| HN Mirror

Y	Hacker News new \| ask \| show \| jobs


	by macintux 3408 days ago
	How does Aurora know that the primary is dead? Automatic failover is problematic in a distributed system.

2 comments

CaveTech 3408 days ago

AWS uses heartbeats for detecting liveliness. If x heartbeats fail the failover procedure is started. Generally 10s - 5minutes. In practice (for me) the failover has been less than 15s.

link

macintux 3408 days ago

My concern was more around split brain. If you fail over while the write master is simply unreachable, pain results.

link

edaemon 3408 days ago

Aurora's read replicas share the underlying storage that the primary uses, so AWS claims that there's no data loss on failover.

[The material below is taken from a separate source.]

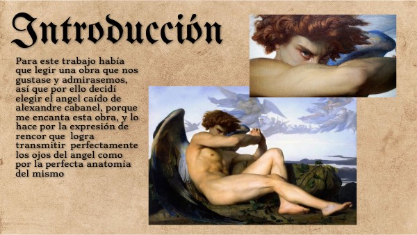 Para este trabajo había que legir una obra que nos gustase y admirasemos, así que por ello decidí elegir el angel caído de alexandre cabanel, porque me encanta esta obra, y lo hace por la expresión de rencor que logra transmitir perfectamente los ojos del angel como por la perfecta anatomía del mismo

They also claim -- and I've never heard anyone say they were wrong -- that Aurora failovers take less than a minute. So the pain should be limited to under a minute of lost writes, which most applications can handle (with an error). It can still be painful depending on the application.

See here for more info: https://aws.amazon.com/rds/aurora/faqs/#high-availability-an...

link

xapata 3408 days ago

Yeah, the latency on that failover isn't specified.

link

edaemon 3408 days ago

Do you mean the amount of time it takes to initiate a failover or the amount of time for a failover to complete?

For the former, I don't think they specify beyond "automatic".

For the latter, "service is typically restored in less than 120 seconds, and often less than 60 seconds": http://docs.aws.amazon.com/AmazonRDS/latest/UserGuide/Aurora...

link

xapata 3408 days ago

That's a pretty good cutover, but as you say, they should also include the time needed to detect a failure and initiate the transition.

link